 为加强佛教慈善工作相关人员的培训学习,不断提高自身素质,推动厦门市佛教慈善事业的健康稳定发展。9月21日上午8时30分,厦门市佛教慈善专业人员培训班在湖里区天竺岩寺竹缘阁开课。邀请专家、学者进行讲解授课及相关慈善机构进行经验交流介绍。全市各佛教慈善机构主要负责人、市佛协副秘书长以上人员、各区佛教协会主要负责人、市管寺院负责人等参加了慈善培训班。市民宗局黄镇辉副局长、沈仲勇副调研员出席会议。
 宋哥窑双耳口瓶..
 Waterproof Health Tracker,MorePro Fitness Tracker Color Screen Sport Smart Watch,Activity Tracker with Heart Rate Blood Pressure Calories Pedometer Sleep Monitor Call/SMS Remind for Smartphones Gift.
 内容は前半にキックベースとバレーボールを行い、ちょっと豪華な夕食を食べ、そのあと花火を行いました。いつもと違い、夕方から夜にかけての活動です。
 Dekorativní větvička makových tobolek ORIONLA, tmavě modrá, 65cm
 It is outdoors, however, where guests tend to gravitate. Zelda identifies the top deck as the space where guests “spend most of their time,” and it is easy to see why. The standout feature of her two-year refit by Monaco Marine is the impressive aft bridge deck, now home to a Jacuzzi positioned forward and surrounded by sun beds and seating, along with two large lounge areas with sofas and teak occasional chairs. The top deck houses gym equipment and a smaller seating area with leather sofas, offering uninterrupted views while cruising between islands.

---

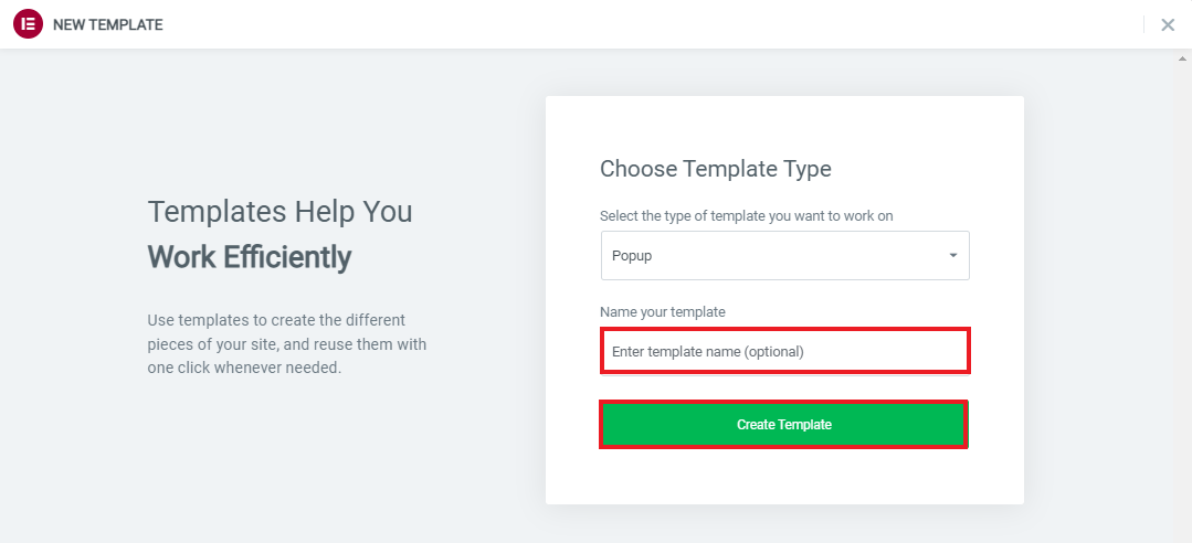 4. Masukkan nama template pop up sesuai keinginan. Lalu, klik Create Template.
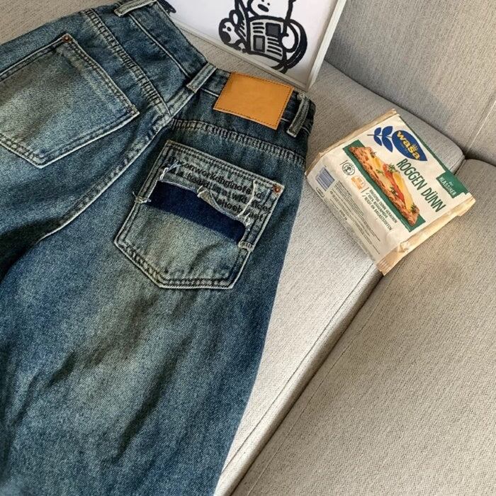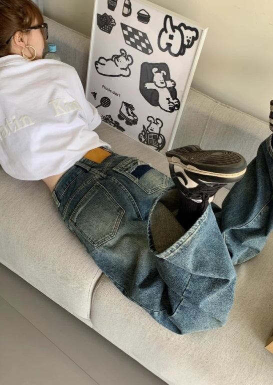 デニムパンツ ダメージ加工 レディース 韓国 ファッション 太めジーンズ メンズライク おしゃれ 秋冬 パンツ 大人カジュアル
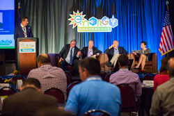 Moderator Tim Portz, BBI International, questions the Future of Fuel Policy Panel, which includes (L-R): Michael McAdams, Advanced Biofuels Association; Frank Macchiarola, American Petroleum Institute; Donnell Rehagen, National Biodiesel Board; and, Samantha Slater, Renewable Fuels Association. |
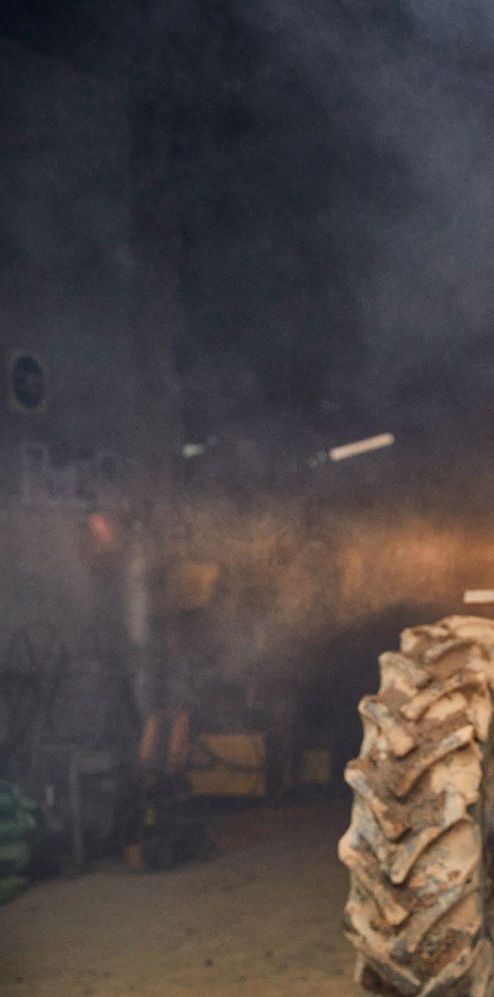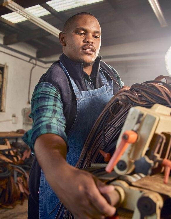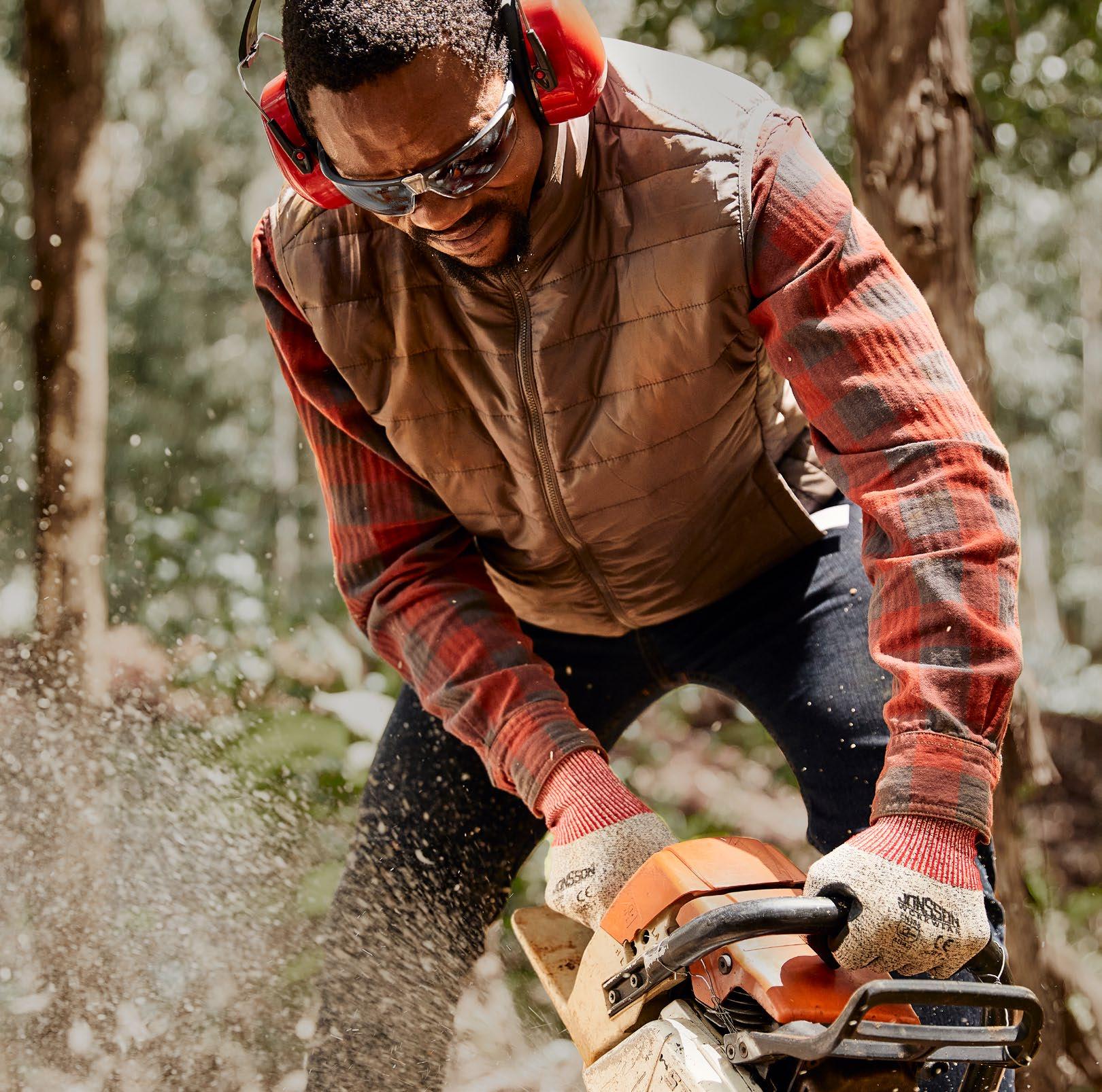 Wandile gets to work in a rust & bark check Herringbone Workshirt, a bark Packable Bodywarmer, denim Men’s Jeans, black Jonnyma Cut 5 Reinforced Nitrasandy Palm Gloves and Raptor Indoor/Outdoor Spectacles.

---

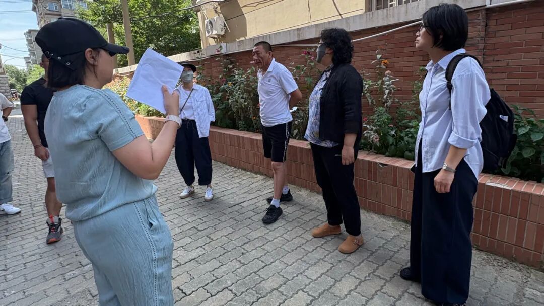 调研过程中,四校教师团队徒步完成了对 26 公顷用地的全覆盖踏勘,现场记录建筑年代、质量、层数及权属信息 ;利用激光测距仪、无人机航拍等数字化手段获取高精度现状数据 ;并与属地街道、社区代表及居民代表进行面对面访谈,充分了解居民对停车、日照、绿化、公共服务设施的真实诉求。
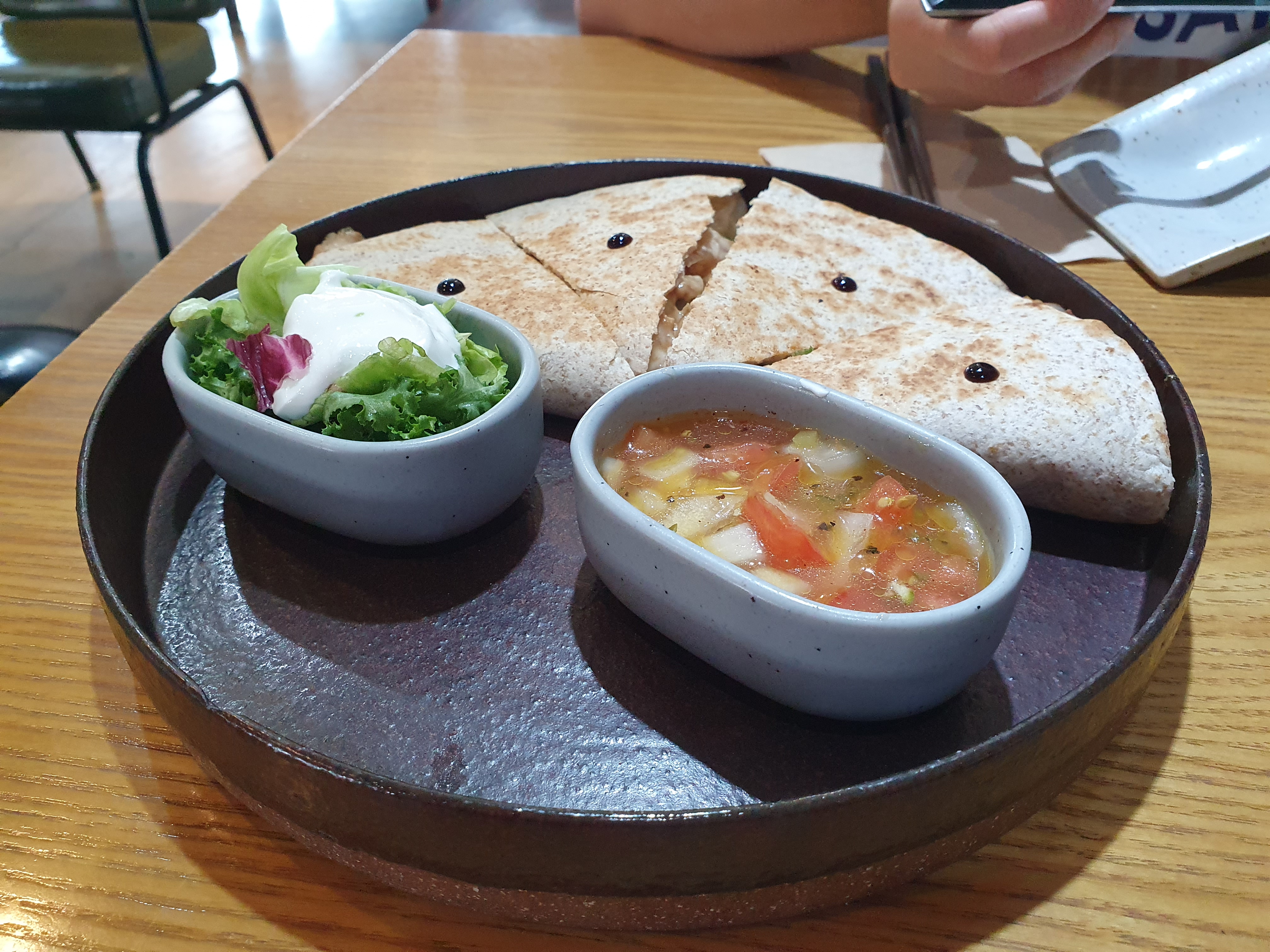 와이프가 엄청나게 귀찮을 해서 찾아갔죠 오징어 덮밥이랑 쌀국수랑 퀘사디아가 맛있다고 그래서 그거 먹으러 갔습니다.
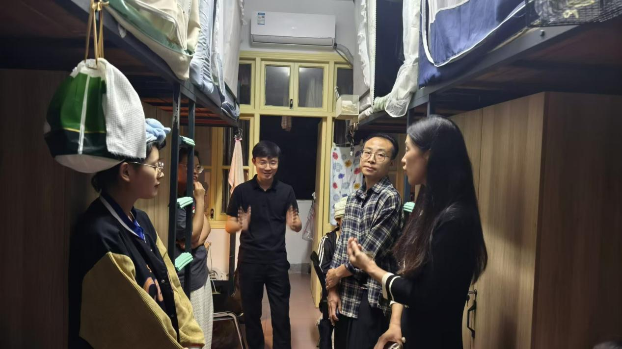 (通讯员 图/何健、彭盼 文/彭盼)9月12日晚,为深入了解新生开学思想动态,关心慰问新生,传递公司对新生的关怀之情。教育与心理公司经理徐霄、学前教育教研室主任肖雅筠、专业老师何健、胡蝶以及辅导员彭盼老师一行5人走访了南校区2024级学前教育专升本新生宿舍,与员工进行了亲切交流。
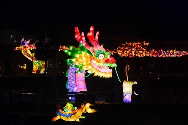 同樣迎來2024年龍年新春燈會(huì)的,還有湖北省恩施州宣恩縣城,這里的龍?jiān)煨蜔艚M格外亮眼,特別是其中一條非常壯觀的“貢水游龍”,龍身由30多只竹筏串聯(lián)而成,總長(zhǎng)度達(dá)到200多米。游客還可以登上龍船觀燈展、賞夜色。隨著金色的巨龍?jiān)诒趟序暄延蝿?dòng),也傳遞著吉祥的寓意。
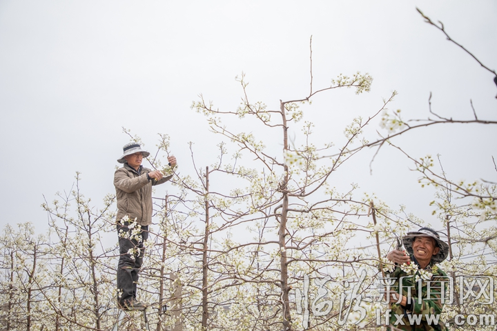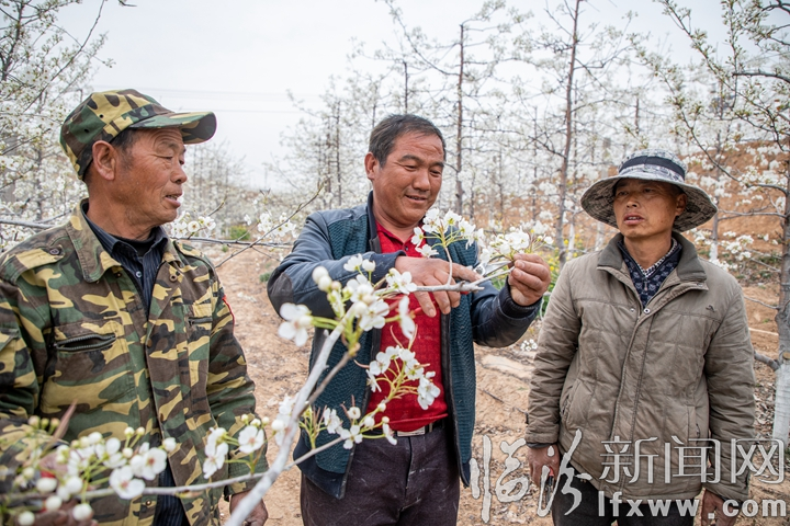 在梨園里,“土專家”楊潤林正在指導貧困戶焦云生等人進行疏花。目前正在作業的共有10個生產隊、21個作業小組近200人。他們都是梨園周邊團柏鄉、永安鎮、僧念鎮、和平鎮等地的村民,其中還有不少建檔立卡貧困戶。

---

◆ **Problem statement**: Return the lines above from the one with "4. Masukkan nama" through the one with "Wandile gets to", verbatim and nothing else. Omit every picture.

◆ **Your response**:
 4. Masukkan nama template pop up sesuai keinginan. Lalu, klik Create Template.
 デニムパンツ ダメージ加工 レディース 韓国 ファッション 太めジーンズ メンズライク おしゃれ 秋冬 パンツ 大人カジュアル
 Moderator Tim Portz, BBI International, questions the Future of Fuel Policy Panel, which includes (L-R): Michael McAdams, Advanced Biofuels Association; Frank Macchiarola, American Petroleum Institute; Donnell Rehagen, National Biodiesel Board; and, Samantha Slater, Renewable Fuels Association. |
 Wandile gets to work in a rust & bark check Herringbone Workshirt, a bark Packable Bodywarmer, denim Men’s Jeans, black Jonnyma Cut 5 Reinforced Nitrasandy Palm Gloves and Raptor Indoor/Outdoor Spectacles.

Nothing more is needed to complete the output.